Improving Access to Point of Care Testing through Sound Science & Regulatory Reform
Coalition for CLIA Waiver Reform
The Value Proposition of CLIA-Waived POCT in Rural Communities
Nearly 25% of the U.S. population,[1] including 36% of veterans in the Dept. of Veterans Affairs system,[2] live in rural areas. Also, rural areas have a higher percentage of seniors and persons in fair/poor health than urban areas, making access to care crucial. However, the distances between patient and provider in rural areas,[3] and the potentially limited availability of transportation options, can create significant barriers to medical access in rural communities. For example
Another barrier to medical care is a shortage of medical personnel in rural areas. Only 10% of physicians in the U.S. practice in rural areas (to serve the 25% of Americans living in those areas), and the per capita number of specialists practicing in rural areas is less than one-third of those practicing in urban areas.[8] This leaves much of healthcare in the hands of Rural Health Clinics, physician offices, and similar healthcare provider venues – the kinds of venues that offer point-of-care testing with CLIA waived tests.
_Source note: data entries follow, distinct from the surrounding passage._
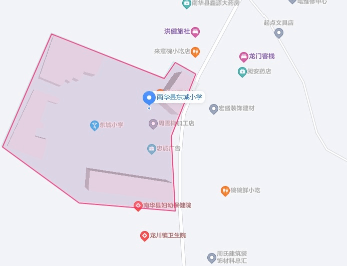 南华县东城小学:位于南华县城古城路30号。线路一:可乘坐南华4路公交,到个私街站下车,向北走约100米即到。线路二:可乘坐南华8路(附1线)公交,到个私街站下车,向北走约100米即到。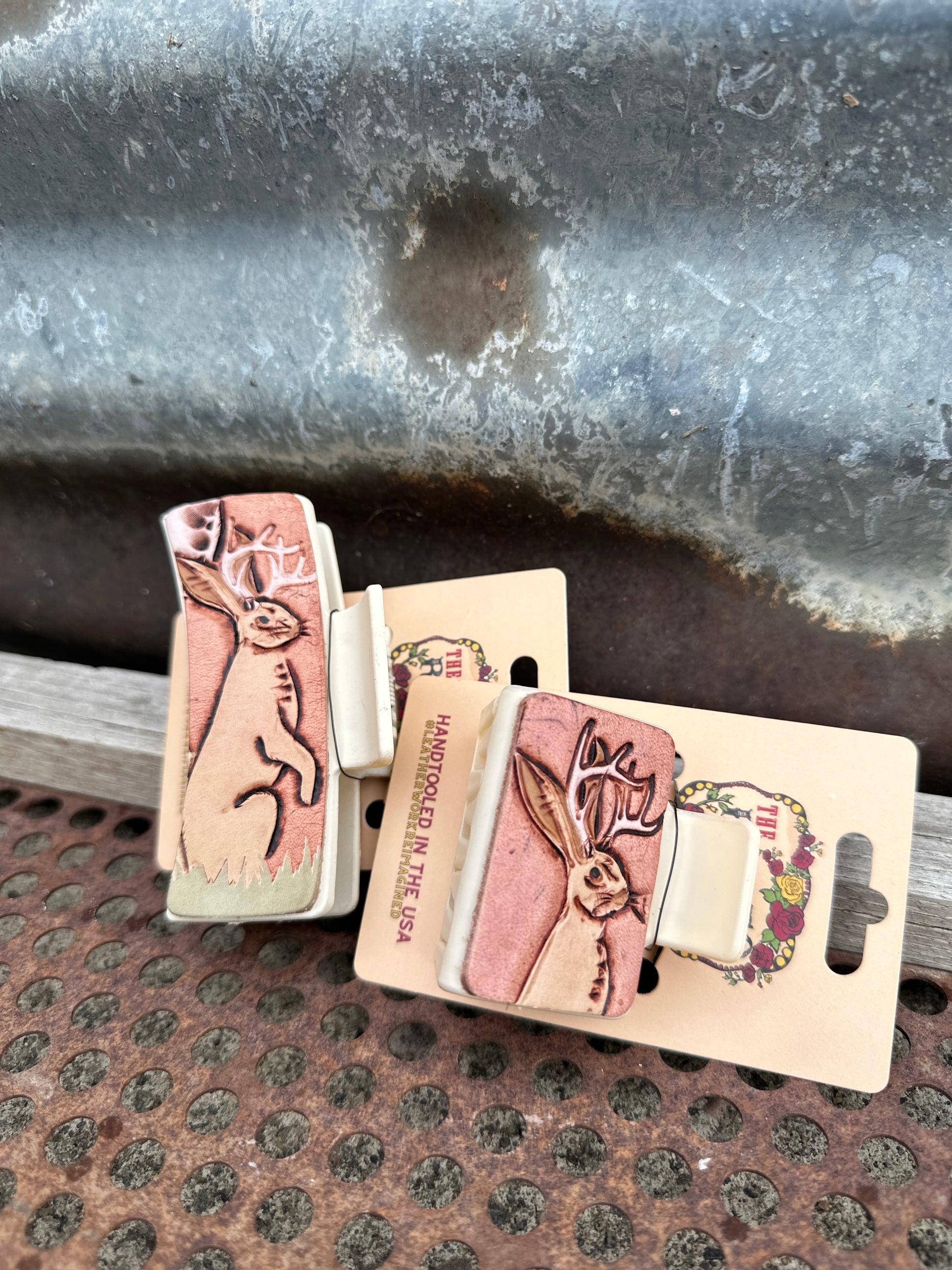 The elusive jackalope! Hand tooled and unique design by The Rodeo Rose. Tooled in our shop in South Dakota, USA. Inspired by the mythical west and is part of our Western Americana collection!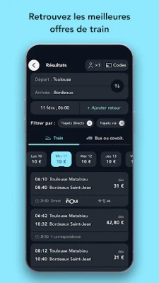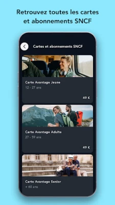 Με την SNCF Connect, η οργάνωση του ταξιδιού γίνεται παιχνίδι. Ανακαλύψτε αβίαστα την ιδανική διαδρομή, συγκρίνοντας επιλογές από ένα ευρύ φάσμα μέσων μεταφοράς: τρένα (TGV INOUI, OUIGO, Eurostar, κ.ά.), αστικές συγκοινωνίες (μετρό, λεωφορεία, τραμ), ακόμα και υπηρεσίες συνεπιβατισμού (Blablacar). Βρείτε τις καλύτερες τιμές και επιλογές, με τη δυνατότητα να ορίσετε ειδοποιήσεις για οικονομικά εισιτήρια ή πληρότητα. Η αγορά και η διαχείριση των εισιτηρίων, των καρτών ή των συνδρομών σας γίνεται με λίγα μόνο κλικ, ενώ μπορείτε να φορτίσετε και το πάσο Navigo σας απευθείας από το τηλέφωνο. Όλες οι πληρωμές σας είναι ασφαλείς, και το προφίλ ταξιδιώτη σας διατηρεί αποθηκευμένες τις προτιμήσεις και τις κάρτες σας, για ακόμα πιο γρήγορες κρατήσεις.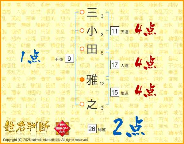 三(3画)小(3画)田(5画) 雅(12画)之(3画)
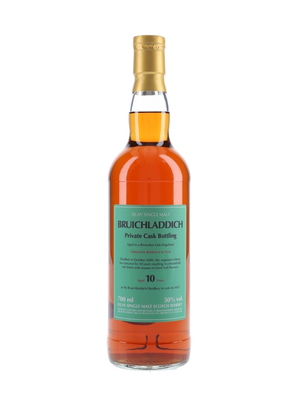 A private cask bottling of Bruichladdich 10 Year Old Islay Single Malt Scotch Whisky. This unpeated whisky was distilled in October 2009, matured in a single Rivesaltes hogshead and bottled at 50% ABV.

In this environment, the need for an additional visit to a healthcare provider presents yet another obstacle that patients must overcome to get the care they need. Delaying diagnostic and treatment decisions to the next scheduled visit creates another opportunity for that patient to be lost-to-follow-up or not otherwise receive the care they need in a timely fashion. Thus, it’s important to make the most of each physician office or clinic visit. Offering expanded, safe & effective CLIA-waived testing options gets more diagnostic information into the hands of a healthcare providers when the patient is in the exam room, increasing the chances that a diagnosis can be made, and treatment can begin, at the first visit.